Richard B. Devereux, MD, professor of medicine, Cornell University, New York, made a case for the use of combination antihypertensive therapy, noting that more than two drugs are usually needed to get patients to goal blood pressure levels. Blood pressure lowering is additive when drugs with different mechanisms of action are used in combination, which can help to optimize control of blood pressure. Antihypertensive agents can be considered neurohumoral (ACE inhibitors, ARBs, beta blockers, and other sympatholytics), sodium-volume agents (diuretics and calcium antagonists), and others (alpha blockers and direct vasodilators).

Most clinical trials comparing antihypertensive agents have actually been trials of combination therapy because additional agents have been allowed in an attempt to achieve blood pressure control. Although the Antihypertensive and Lipid lowering treatment to prevent Heart Attack Trial (ALLHAT) involved add-on drugs to the principal therapies being compared, it did not fully address the use of combinations, in part because one of the regimens studied, a beta blocker as add-on therapy to an ACE inhibitor, “would be predicted to have subadditive effects on blood pressure because they are in the same general class of antihypertensive agents,” said Dr. Devereux. Thus, blood pressure control was less than optimal in the ACE inhibitor arm of ALLHAT.

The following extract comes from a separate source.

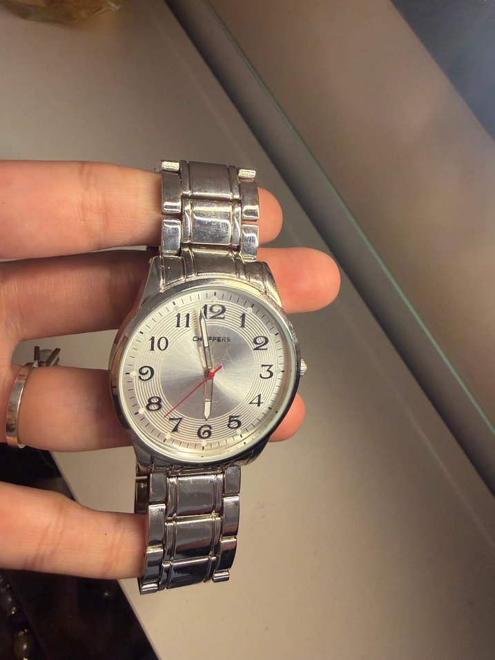 Minimalist tasarımlı beyaz kadranlı erkek kol saati, siyah rakamlarla ve gümüş metal kayışla sade bir görünüm sunar. ⌚

Combination therapy is already the norm, but with separate pills, he said. Clinical trials in progress are comparing fixed-dose combinations for the prevention of cardiovascular end points, he indicated.

In the treatment of African Americans with hypertension, JNC 7 varies from guidelines from the International Society on Hypertension in Blacks (ISHIB), which do not advocate specific drug therapy but consider a beta blocker/diuretic, ACE inhibitor/diuretic, ACE inhibitor/calcium antagonist, and an ARB/diuretic as appropriate when combination therapy is needed, said Elizabeth Ofili, MD, MPH, professor of medicine at Morehouse School of Medicine, Atlanta. The ISHIB recommendations, therefore, can be used to guide physicians in individualizing treatment for African Americans, she said.

In the real world, the best approach is a patient-centered one in which assessment is individualized and treatment is tailored to the patient, said Thomas Giles, MD, professor of medicine, Louisiana State University, New Orleans. A team approach using physicians, community health workers, and nurse practitioners often improves treatment compliance and blood pressure reduction, he said.